All talks will be held remotely, via Zoom. Registration links will be displayed below, alongside each scheduled talk. Check here for updates to the schedule as the semester progresses.

Tuesday, February 22, 12:30 p.m.

Title: Mathematica and Wolfram Technology - Classroom and Research

Speaker: Andrew Dorsett (Wolfram Research, Inc.)

Registration link: https://wolfr.am/BrooklynCollege

Abstract: This webinar will show live calculations in Mathematica 13 and Wolfram|Alpha. Specific topics include:

Beginning with Mathematica in 3 minutes with no knowledge of syntax
Connecting to Wolfram|Alpha and using your own words to build and create complex calculations
Visualizing data, functions, and more in 2D and 3D
Connecting to the secure Wolfram Cloud and Deploying models and notebooks online
Building mouse-driven examples with just a small amount of language.
Computing in specialized areas, including machine learning, image processing, statistical analysis, parallel computing, and more.

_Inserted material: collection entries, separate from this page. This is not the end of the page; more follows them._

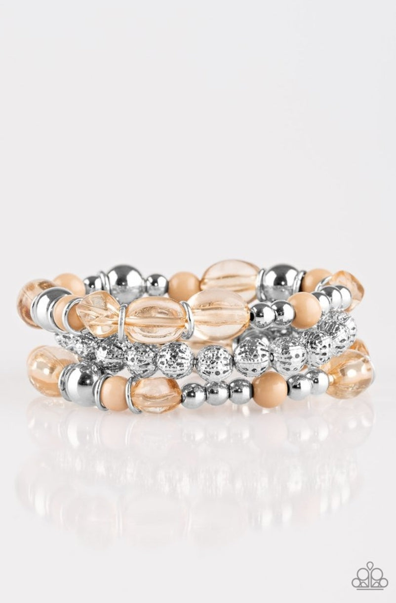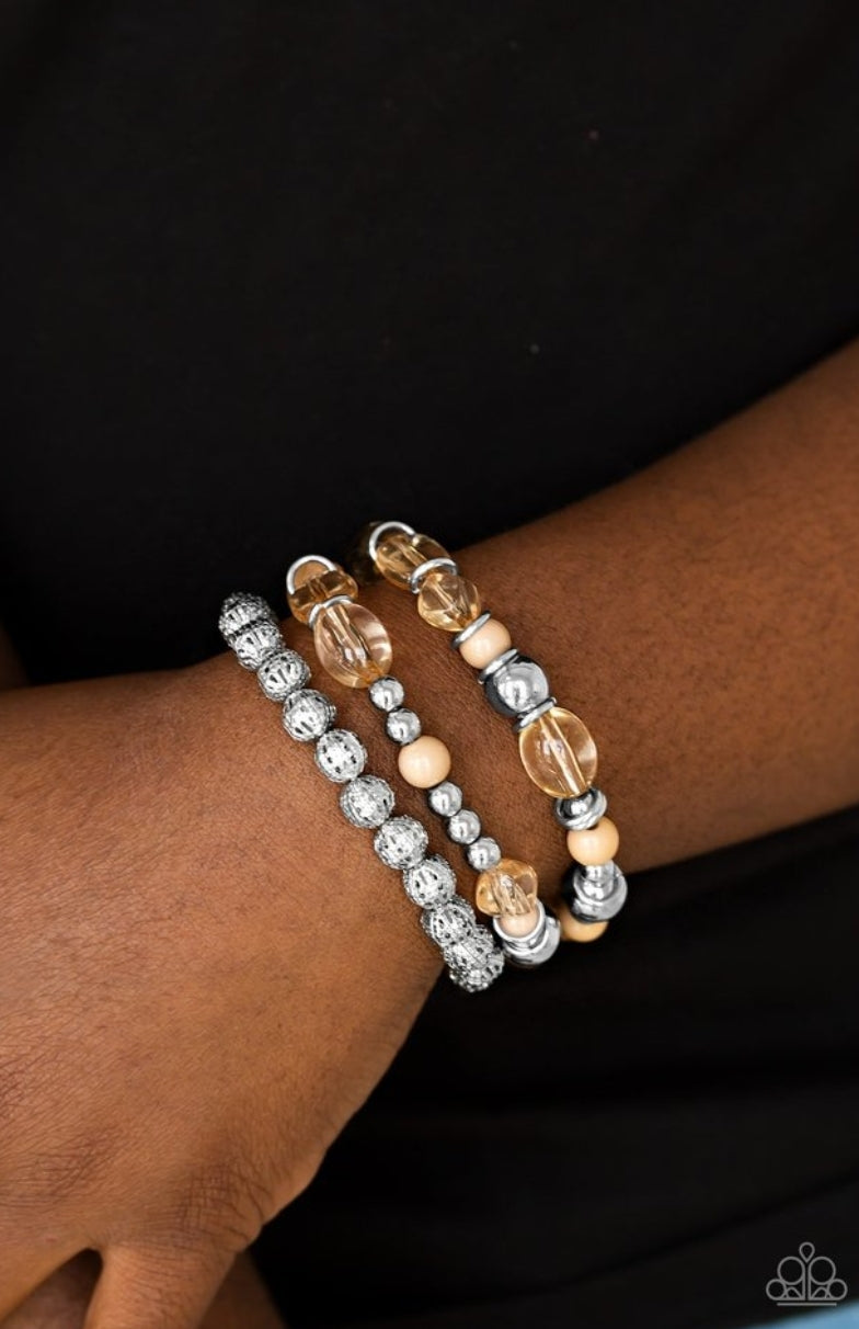 An array of glassy and polished brown beading and mismatched silver accents are threaded along stretchy elastic bands, creating colorful layers across the wrist.
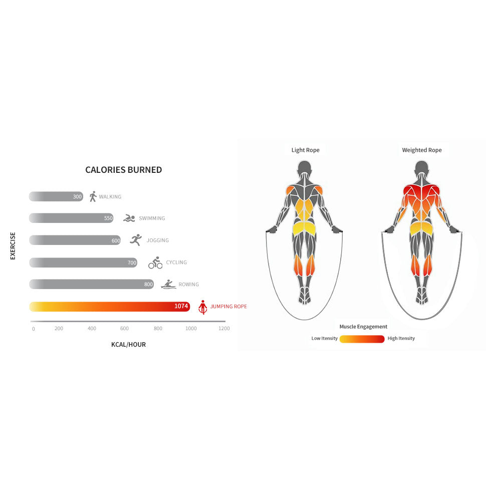 It can record your weight, loop counter, time and calories burned. You can also set the training laps or time as a target. And the digital counter has a reminder light so that you can jump rope for working out in a dark environment.
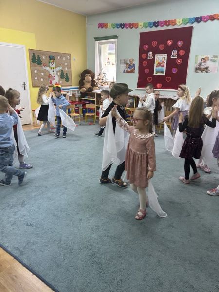 Dnia 17.01.2025. dzieci z grupy Krasnale świętowały Dzień Babci I Dziadka. Zaproszenie goście mogli podziwiać małych artystów oraz otrzymali upominki przygotowane przez dzieci.

Tuesday, March 29, 12:30 p.m.

Title: A Carbon Neutral Economy by 2050: Can we do it? What will it look like? What will it cost?

Speaker: Mike Tamor, Adjunct Professor, School for the Future of Innovation in Society, Arizona State University and Henry Ford Technical Fellow (retired)

Registration link: https://us02web.zoom.us/meeting/register/tZwrd-Goqz0rG9cL2bC5MdFSUD6h8C6np-oQ

To be followed by a Q&A discussion of careers in industrial physics.

Speaker Biography: Mike Tamor is an adjunct professor at Arizona State University in Tempe. From 1982 to 2017 he worked as a researcher at the Ford Motor Company in Dearborn, Michigan. In 2013 he was promoted to Henry Ford Technical Fellow, the top executive-scientist position at Ford.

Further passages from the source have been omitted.